6. Mes différentes lectures m'ont aussi permis de réaliser à quel point la relation à la société, aux parents, à la fratrie, peut être différente et enrichie grâce à un quotidien IEF :
- une communication plus fluide, plus apaisée, entre parents & enfants,
- moins de compétition et plus de partage entre les frères et sœurs. L'observation lue je ne sais plus où, comme quoi les enfants ne sont plus en compétition pour l'attention des parents le soir après l'école, ni en train de décharger les uns sur les autres les tensions accumulées dans la journée, a vraiment fait "tilt" chez moi
- une meilleure intégration avec les différents membres de la société du fait
- de la participation aux activités du quotidien, permettant l'établissement de relations avec des représentants de toutes les tranches d'âge, non seulement de la leur
- ainsi que des visites / excursions permises par le moindre temps "scolaire" nécessité par l'IEF. Ce dernier point constitue, pour le coup, une motivation forte à nous investir dans l'IEF de manière durable, c'est-à-dire bien au delà de la maternelle voire du primaire. Mais we'll cross the bridge...

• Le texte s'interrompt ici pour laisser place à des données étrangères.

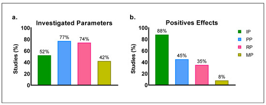 Percentage of studies on the effects of inspiratory-muscle warm-up on inspiratory parameters (IP); performance parameters (PP); respiratory parameters (RP); and metabolic parameters (MP). (a) Investigated parameters. (b) Positive effects.

7. Et enfin : l'"envie" : j'adore les bébés mais en ce moment je découvre la richesse des interactions permises par les énormes progrès langagiers de F., et je trouve cette période particulièrement passionnante ! Chaque jour me permet de l'observer apprendre.
Participer à ce processus d'apprentissage, l'accompagner, le nourrir.... tout cela me semble très gratifiant. Bon, ok, dit comme ça, ça fait froid. Dit autrement, ça donne : je kiffe ! Assister à ses "premières fois", le voir s'emparer d'un mot, d'une idée, relier deux concepts entre eux...oui, ça me rend GAGA.
Et je me sentirais frustrée à l'idée de devoir sous-traiter à d'autres personnes l'essentiel de ces échanges pour me retrouver, moi, confinée à la gestion des aspects logistiques de sa vie.
Et je me sentirais frustrée à l'idée de devoir sous-traiter à d'autres personnes l'essentiel de ces échanges pour me retrouver, moi, confinée à la gestion des aspects logistiques de sa vie.
C'est en définitive cette envie qui constitue le critère de base dans notre choix : nous estimons primordial que F. et plus tard E. aient la chance d'être accompagnés dans leurs apprentissages par quelqu'un qui ait vraiment envie de les accompagner.
Puisque (et tant que) c'est mon cas, l'IEF nous assure cette motivation de l' "enseignant", bien mieux que l'EN dont nous connaissons suffisamment de membres pour mesurer à quel point de nombreux professeurs sont fatigués, désabusés, démotivés par les exigences ubuesques d'un système auquel ils ne s'identifient plus guère (je pense - entre autres ! - à une récente conversation, ô combien instructive, sur les exigences de "renotation" des copies de bac quand la moyenne obtenue est trop basse...).
Mais nous restons ouverts au fait que, peut-être, cela ne me conviendra pas ou à un moment, plus, auquel cas une école, choisie avec soin, offrira alors de meilleures garanties à cet égard qu'une maman excédée car n'écoutant pas son besoin.